Matt Swinnerton, the guitarist and one of the band's main creative forces, puts this down to a healthy self-awareness. "You meet a lot of people in the music industry and they buy into a certain myth about the coolness of rock'n'roll that perpetuates a lot of ideas. We are just a bunch of guys with a good sense of humour, and that gives us an edge."

This is now revealed on their debut album, Capture/Release, though The Rakes have won fans through a tireless touring schedule that has grown from hard-won support slots to a current headline jaunt. We find the band in Manchester, with Swinnerton soaking up rays outside the university science building while reading John Gray's book Al Qaeda and What It Means to Be Modern.

Donohoe, meanwhile, is perusing an ex-broadsheet newspaper in a now deserted cafeteria. Clearly, these are not your average angry young men set to wreck havoc across Britain, as the singer attests. "After last night's gig most of us just had a couple of beers and watched a DVD. I know many of the bands around are into class As, but we would honestly prefer to read a good book."

Admittedly, unnamed members of the band got into a fight outside a chippy in Edinburgh, though that might have more to do with the London accents of some of their entourage. The album track "Violent" meditates on this in the manner of Kaiser Chiefs' "I Predict a Riot". The Rakes share other concerns with contemporary bands. The singles "22 Grand Job" and "Work, Work, Work (Pub, Club, Sleep)" look at the daily grind just as The Others do on the anti-careerist anthem "Lackey". The Kaisers, of course, named their debut album Employment.

This surprised Donohoe, who worked in an office and played "22 Grand Job " to his colleagues. "They thought it was pretty cool but said the song wasn't about anything. Then I heard The Others and thought, 'Oh, Christ, this is terrible', because it's making an adolescent 'I hate my boss' kind of thing. But I'd never been in a band before. I didn't know what to write. I'd be at work with a Word document open, chucking in lyrics."

While other bands disparage the nine-to-five life, The Rakes seem more ambivalent. "22 Grand Job", in fact, reads like an episode of The Office: 'Talking shop with my colleagues/ Did he do the same degree as me?"

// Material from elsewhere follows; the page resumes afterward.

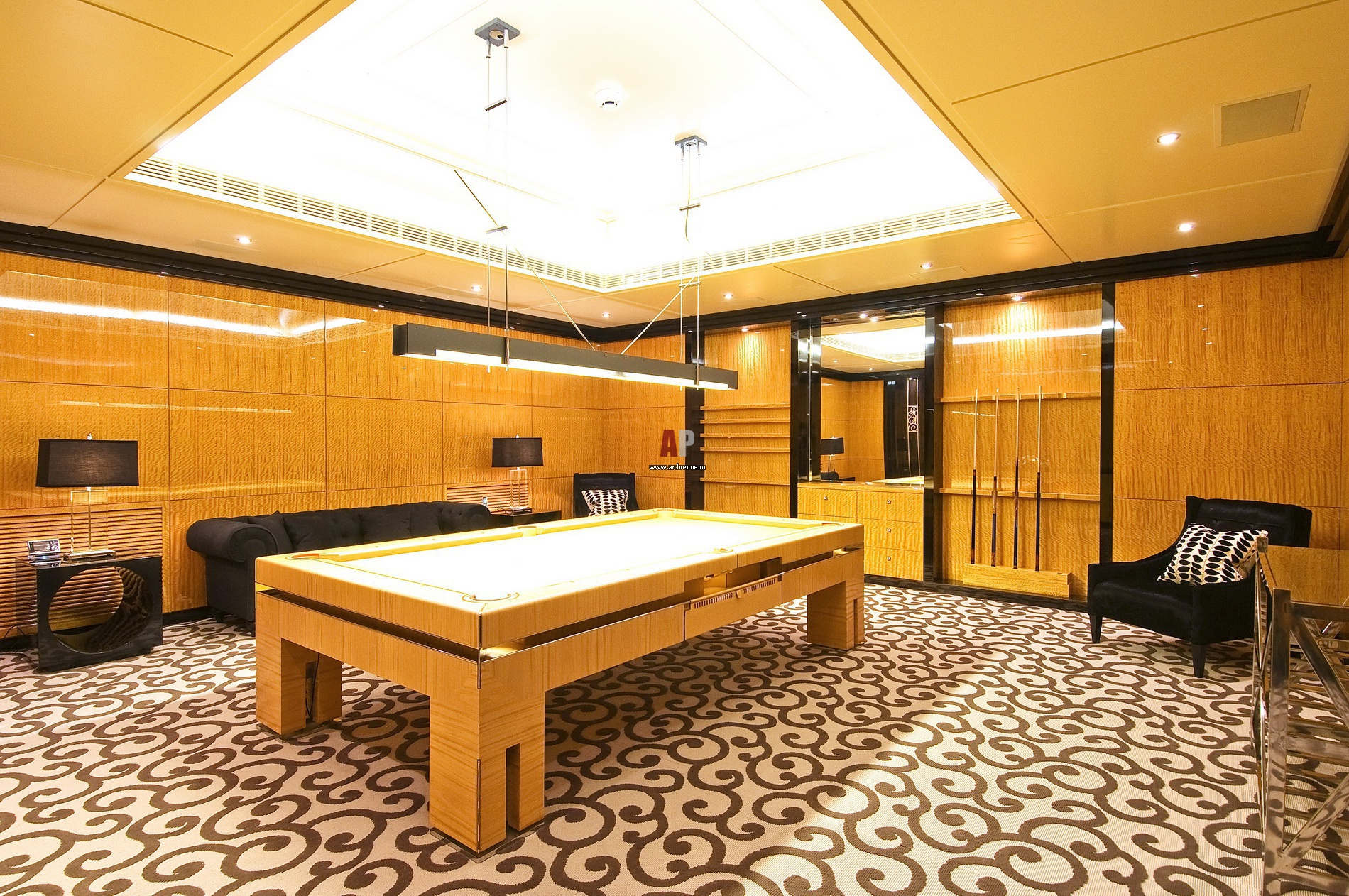 К зоне отдыха примыкает бильярдная. Стены бильярдной облицованы панелями из лимонника под глянцевым лаком. Из этого же дерева сделан бильярдный стол Tresserra.

"I wasn't trying to make a point," says Donohoe; "it was just personal stuff. And it was like The Office: all the graduates would be upstairs and didn't seem to be doing anything. Then there was a load of Kiwi and Aussie temps without degrees doing even more mundane stuff below. Dominic Masters [The Others' frontman] was a great influence. When we started I was writing more narrative kind of songs, but then I saw them and realised it was all right to sing about what you know. If you know someone is being honest, it makes more of a connection."

Much of the rest of the album reads like the diary of a twentysomething white collar worker. "Retreat" questions the point of going out just because your mates are. Sometimes you get lucky, but "The Guilt" details the consequences of casual sex. It is a song that Donohoe introduces as being a true story. "There's no particular reason why it's that song, " he explains. "I had a long wait before I did my vocal, so I had a couple of bottles of wine, but only because I could get away with it on that one because it's quite lairy. The rest of the time I was sober."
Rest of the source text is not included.